AS SINGAPORE accelerates to become a society with widespread use of technology, private firms and grassroots organisations launch initiatives to ensure the elderly don't get left behind.
From courses on social media and how to spot fake news to digital services specifically for seniors, more organisations are taking steps to ensure that older people can also ride on the technological wave.
In the past six months, firms and grassroots organisations have rolled out workshops and classes targeted at the elderly in Singapore.
For instance, OCBC Bank held a workshop in Radin Mas last month for 35 seniors to learn about mobile banking, online security and cashless payments. This month, it has conducted similar workshops and set up a booth to help some 200 seniors in the same area.
Grassroots organisation People's Association launched a four-month programme in November that helps seniors to be smart nation ready.
The course includes how to use common smartphone applications and social media, how to keep devices safe and cyber security.
These programmes come on top of government initiatives announced during the Budget debate last month. These initiatives are part of a bigger framework to turn Singapore into a smart nation with technological solutions in the face of a global technological disruption.
One of the government's plans is basic digital skills training for everyone, according to Senior Minister of State for Communications and Information Janil Puthucheary.
The six-hour training scheme - to be offered from June - will teach people aged 40 and above how to transact and communicate online safely, as well as spot fake news and online scams, among other things.

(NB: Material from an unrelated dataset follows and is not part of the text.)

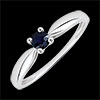 Delikatna obrączka w kształcie ukośnie ściętej łodygi zwieńczona szafirem w sześciu krapach.
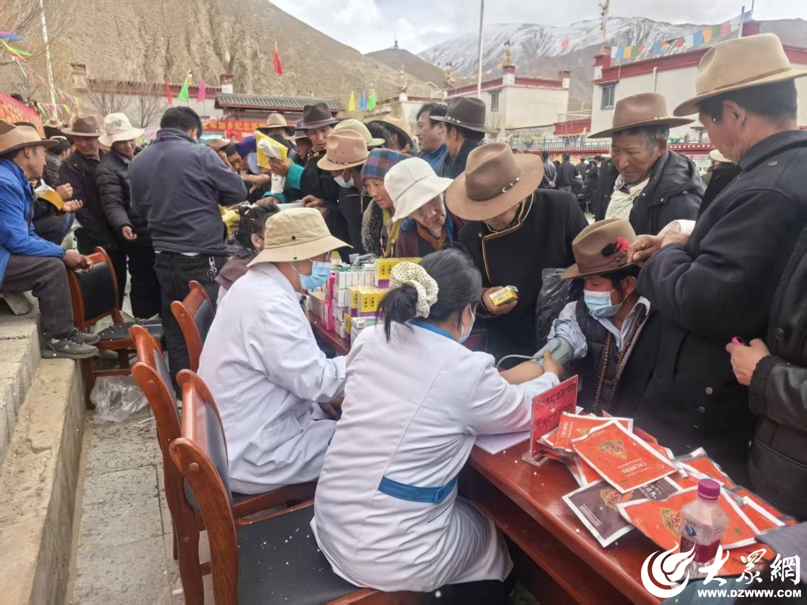 3月27日,義診現(xiàn)場突降冰雹,氣溫驟降,寒風(fēng)刺骨。面對(duì)惡劣天氣,濰坊援藏醫(yī)療隊(duì)沒有一人退縮。大家迅速用身體護(hù)住醫(yī)療設(shè)備和藥品,將行動(dòng)不便的老人護(hù)送至安全區(qū)域,在風(fēng)雪中堅(jiān)持完成全部診療服務(wù)。當(dāng)天累計(jì)服務(wù)群眾百余名,發(fā)放常用藥物200余盒。

The Infocomm Media Development Authority will start holding more digital clinics for seniors, expanding a pilot programme it started in November.
These clinics are for those who want one-on-one assistance on connecting to wireless hot spots or to learn more about applications and electronic transactions.
TPG Telecom, which won the fourth telco licence in Singapore in 2016, is targeting the elderly for its first product offering. It will offer seniors above the age of 65 a free mobile plan consisting of a SIM card, 3GB of monthly mobile data and unlimited local calls "at no charge" for the first 24 months. Its services will be rolled out later this year.
TPG executive chairman David Teoh said the decision to focus on seniors is part of its contribution to Singapore's Smart Nation initiative.
“We have chosen to focus on assisting senior citizens as our first initiative to demonstrate our commitment to improving what is available for the community,” he said.
Dennis Tan, head of consumer financial services for Singapore at OCBC Bank, cited customer research suggesting that “many seniors are unsure if what they have done in preparation for retirement is sufficient”.
He said: “They want more advice on retirement planning and many are digital regulars who are open to using more digital tools for banking and other activities.”
Retired Chinese teacher Kwan Meow Yong attended a three-day course at a grassroots club in Telok Blangah recently on how to open an Internet banking account, among other technological knowhow.
“I don't want to be left behind when I have to use my card to pay for food at the hawker centre in the future,” the 69-year-old said. However, she wished the course could have been more elderly-friendly.
“Sometimes, it feels like the instructor is speaking a different language. He goes on without explaining the terms he uses. Not everyone knows what is 2FA, for example, and I wish he would slow down and start at a really basic level.”